Asbestos fibres - a single fibre is believed t...

Asbestos: The $15 billion substance. (Photo credit: Wikipedia)

Readers might disagree about the “proper” part after reading how easily the trusts are gamed. In details Wilson said are entirely from public materials, the former asbestos plaintiff lawyer explains how the trusts are designed to be tapped by claimants with little evidence of exposure. That they’ve done, to the tune of more than $15 billion so far, as lawyers drive manufacturers into bankruptcy with asbestos lawsuits and then draft the documents governing the trusts that will pay their claims. From the article:

Plaintiff asbestos lawyers then use the millions of dollars of fees obtained from the system they were instrumental in building, to run countless advertisements designed to obtain more clients so that they can submit more claims and obtain more fees. Thus, institutionalized fraud, as built into the system, allows the system to perpetuate itself.

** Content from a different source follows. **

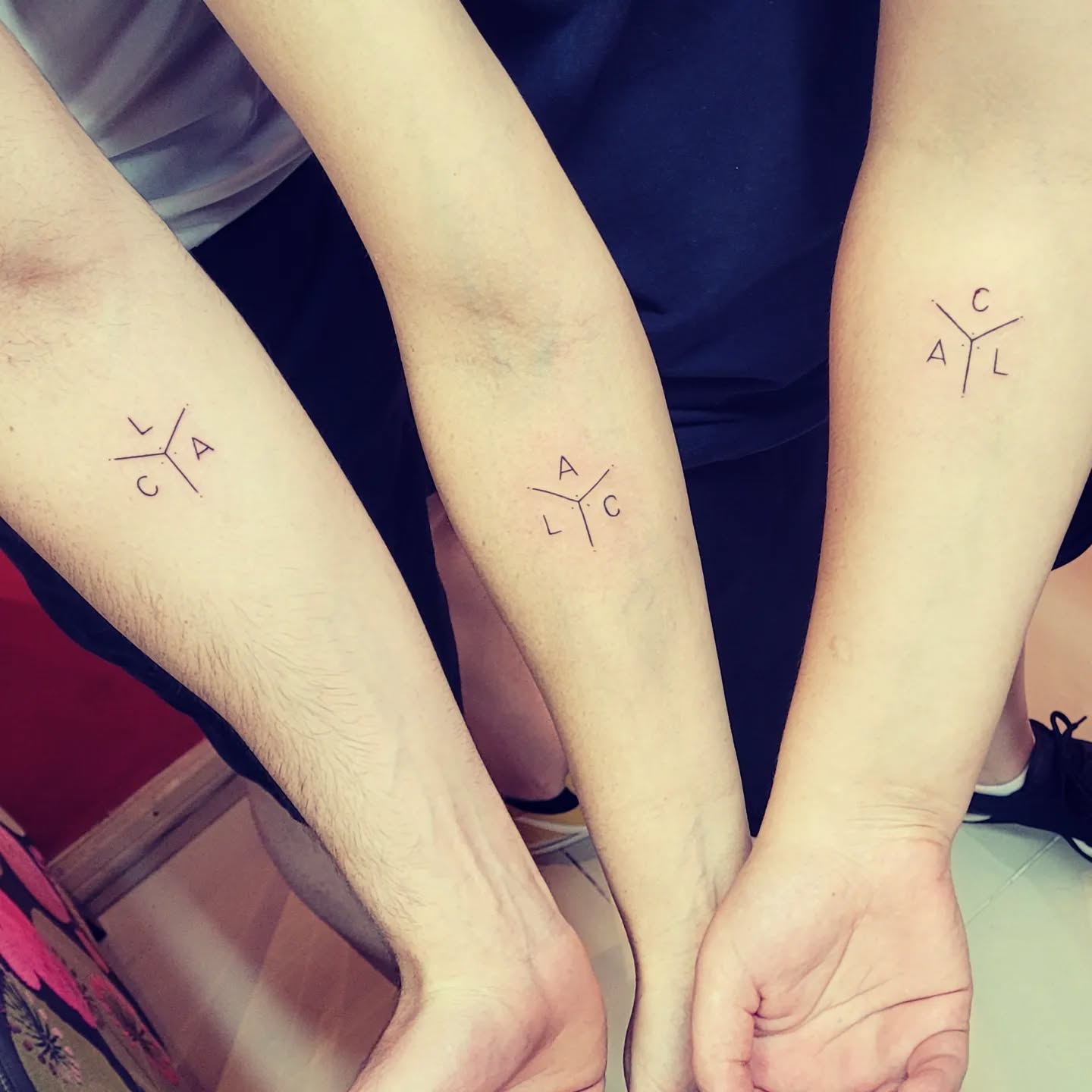 This sibling tattoo arranges three initials around a simple set of intersecting lines, creating a clean symbol that represents their bond.

Here’s how the fraud is perpetuated:

  • Job site/exposure lists. The USG Asbestos Trust, set up to pay U.S. Gypsum claims, provides a helpful “Approved Site List” identifying job sites where workers may have been exposed to asbestos. The website also provides a “Significant Occupational Exposure Rating,” listing jobs like Insulator, Laborer and Boilermaker Helper, that are presumed to have led to asbestos exposure. Combine the two, Wilson says, and no further evidence is needed. Claimants don’t have to prove they touched any specific products, worked with them, or even worked inside a building where they were present.
  • Easy claim forms. While the plaintiff lawyers guarding the trusts require their clients to file a form specifically claiming they were exposed to that company’s products, it’s not a terribly demanding task. The claim forms must be signed, but they aren’t affidavits and don’t meet state or federal evidence standards. In fact, if the information matches what’s in an attorney’s file then it is “accurate,” even if incorrect. The whole process resembles the robosigning scandal at mortgage companies: Once lawyers sign an electronic filing form, Wilson says, information can be automatically merged into the claim forms “which can then be bulk uploaded, by the thousands.”
  • No cross-checking. While many states allow courts to consider the relative liability of a company if the plaintiff was exposed to other, more dangerous asbestos products, lawyers have dropped that from trust documents. Some trusts specifically advise claimants that they don’t want information about exposure to other products, meaning plaintiffs can tap multiple trusts with conflicting stories about how they think they got sick without worrying about getting caught.
  • Lax exposure affidavits. Family members can file these on behalf of a deceased claimant, without any personal knowledge of the facts. The Plibrico trust, for example, allows family members to make “factual assertions” about someone else’s work history and exposure that wouldn’t be admitted in any court.
  • Product lists. A claimant theoretically should be able to identify the product he says made him sick. The trusts make this easier by providing lists of asbest0s-containing products on their websits, including the years they were manufactured. That makes it easy to provide accurate documentation of exposure without actually remembering anything.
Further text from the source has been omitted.